The Penguin appears in the Batman: Arkham franchise, voiced primarily by Nolan North and by Ian Redford in Batman: Arkham VR. This version's monocle is part of a broken glass bottle that was shoved into his face and became lodged too deeply to safely remove. He also speaks with an East London dialect, which is heavily implied to be an attempt at making himself more intimidating to his followers.
- The Penguin first appears in Batman: Arkham City as a criminal kingpin of the titular city prison until he is defeated by Batman and imprisoned by Mr.

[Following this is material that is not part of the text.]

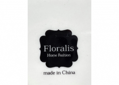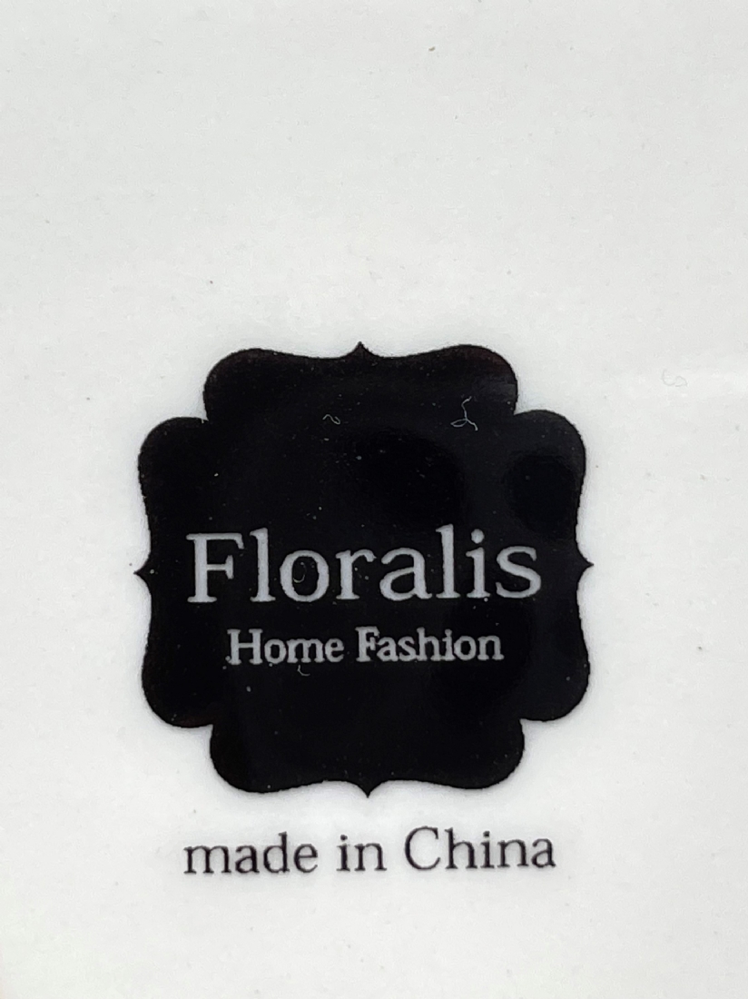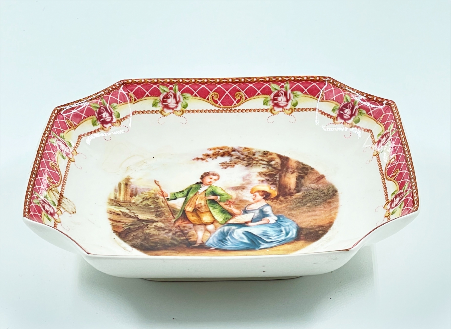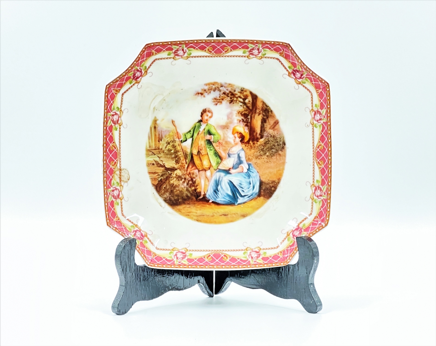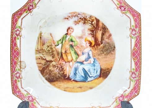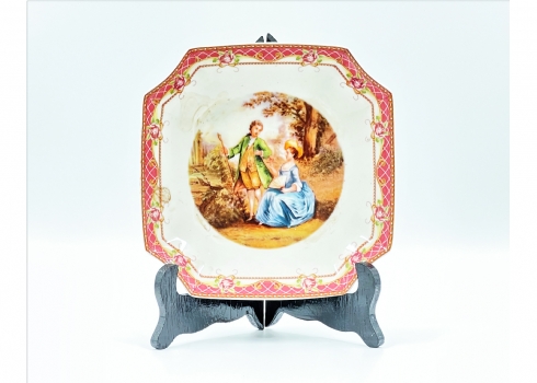 צלחת פורצלן מרובעת, מעוטרת וחתומה
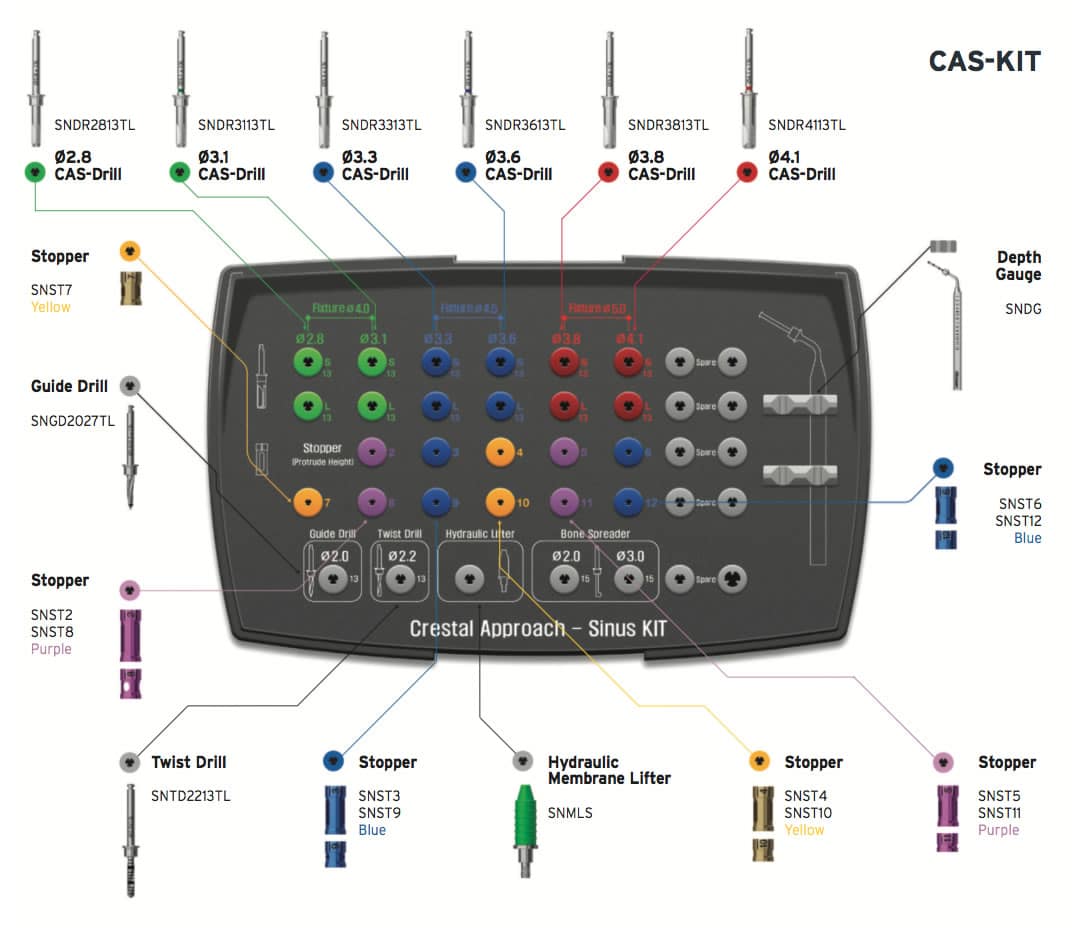 The Crestal Approach Sinus KIT (CAS-KIT) is specifically designed to easily and safely lift the membrane in the maxillary sinus from a crestal approach.

Freeze.
- A young Penguin appears in Batman: Arkham Origins as a weapons dealer based in a refitted cruise liner called the Final Offer until he is arrested in the Cold, Cold Heart DLC following a failed alliance with Mr. Freeze.
- A young Penguin appears in Batman: Arkham Origins Blackgate, having taken over part of the eponymous prison amidst a breakout.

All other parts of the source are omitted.